§ **What you should do**: Below are some entries. Transcribe the lines from the one holding "Frank-Walter Steinmeier und" to the one holding "Wśród scen z", inclusive, but not the pictures among them.

§ **Source records**:
____
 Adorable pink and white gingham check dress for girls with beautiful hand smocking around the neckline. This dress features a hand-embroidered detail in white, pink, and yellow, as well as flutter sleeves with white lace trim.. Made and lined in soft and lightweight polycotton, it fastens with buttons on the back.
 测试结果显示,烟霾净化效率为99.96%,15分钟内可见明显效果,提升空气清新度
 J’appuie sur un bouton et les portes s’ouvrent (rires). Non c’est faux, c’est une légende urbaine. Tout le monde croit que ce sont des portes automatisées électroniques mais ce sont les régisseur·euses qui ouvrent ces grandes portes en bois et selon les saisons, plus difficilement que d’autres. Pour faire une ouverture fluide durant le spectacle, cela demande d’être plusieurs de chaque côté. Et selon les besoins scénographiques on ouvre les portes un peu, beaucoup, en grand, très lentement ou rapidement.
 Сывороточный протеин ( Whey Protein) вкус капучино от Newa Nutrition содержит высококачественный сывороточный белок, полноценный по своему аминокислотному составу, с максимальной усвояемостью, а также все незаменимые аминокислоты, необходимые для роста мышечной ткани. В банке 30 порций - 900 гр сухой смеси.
____
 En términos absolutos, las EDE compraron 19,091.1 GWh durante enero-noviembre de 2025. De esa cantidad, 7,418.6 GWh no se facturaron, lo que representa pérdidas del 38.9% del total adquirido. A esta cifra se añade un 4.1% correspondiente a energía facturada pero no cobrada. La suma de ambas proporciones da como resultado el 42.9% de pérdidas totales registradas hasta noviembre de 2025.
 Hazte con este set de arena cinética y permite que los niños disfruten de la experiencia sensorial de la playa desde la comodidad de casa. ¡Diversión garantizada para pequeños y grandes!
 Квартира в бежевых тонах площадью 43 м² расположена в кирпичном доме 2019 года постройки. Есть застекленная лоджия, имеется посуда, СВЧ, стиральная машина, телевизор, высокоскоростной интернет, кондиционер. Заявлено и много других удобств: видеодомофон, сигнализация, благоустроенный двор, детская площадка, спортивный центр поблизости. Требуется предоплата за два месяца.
____
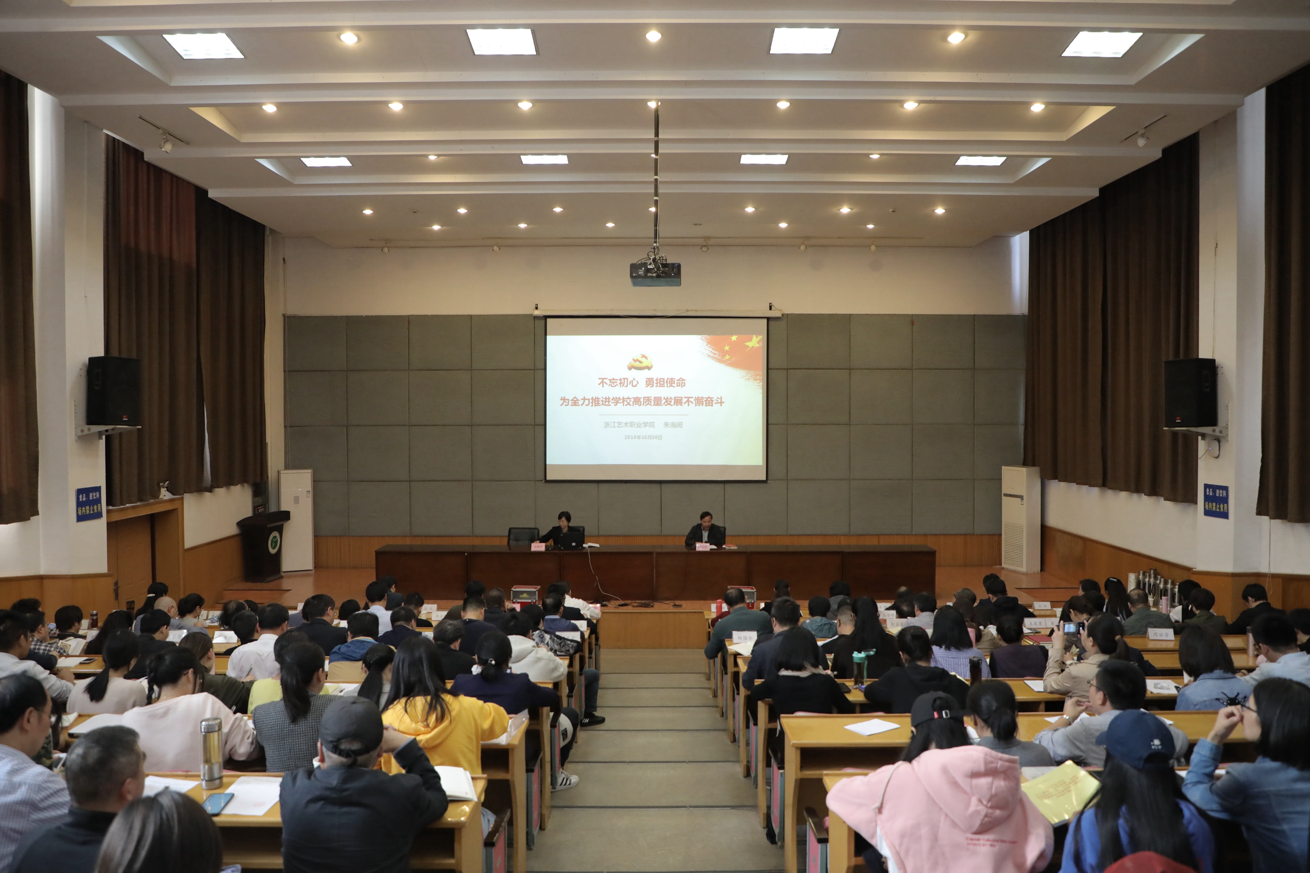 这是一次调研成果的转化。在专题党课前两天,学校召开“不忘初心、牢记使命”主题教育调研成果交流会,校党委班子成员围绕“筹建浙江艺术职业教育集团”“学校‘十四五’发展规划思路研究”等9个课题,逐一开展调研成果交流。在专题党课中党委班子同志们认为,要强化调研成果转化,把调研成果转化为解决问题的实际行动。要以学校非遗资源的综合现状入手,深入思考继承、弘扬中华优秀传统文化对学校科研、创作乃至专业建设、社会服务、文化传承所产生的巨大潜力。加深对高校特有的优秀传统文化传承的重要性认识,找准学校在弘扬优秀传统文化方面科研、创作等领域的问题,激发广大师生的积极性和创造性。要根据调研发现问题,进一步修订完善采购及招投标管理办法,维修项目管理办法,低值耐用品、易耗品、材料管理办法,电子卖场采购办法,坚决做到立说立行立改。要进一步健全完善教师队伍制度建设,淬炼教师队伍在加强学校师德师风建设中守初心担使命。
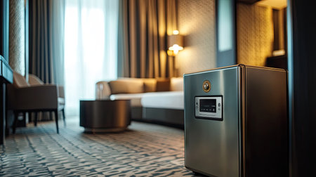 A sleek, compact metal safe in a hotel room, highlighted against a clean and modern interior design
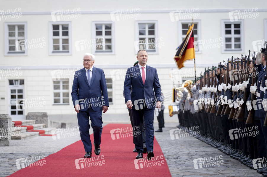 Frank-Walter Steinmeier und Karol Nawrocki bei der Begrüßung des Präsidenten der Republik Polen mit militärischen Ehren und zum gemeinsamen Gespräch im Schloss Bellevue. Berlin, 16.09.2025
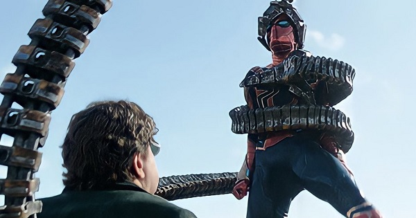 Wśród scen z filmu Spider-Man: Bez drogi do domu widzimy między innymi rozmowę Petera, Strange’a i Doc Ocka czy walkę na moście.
____
§ **Exercise output**:
 Frank-Walter Steinmeier und Karol Nawrocki bei der Begrüßung des Präsidenten der Republik Polen mit militärischen Ehren und zum gemeinsamen Gespräch im Schloss Bellevue. Berlin, 16.09.2025
 Wśród scen z filmu Spider-Man: Bez drogi do domu widzimy między innymi rozmowę Petera, Strange’a i Doc Ocka czy walkę na moście.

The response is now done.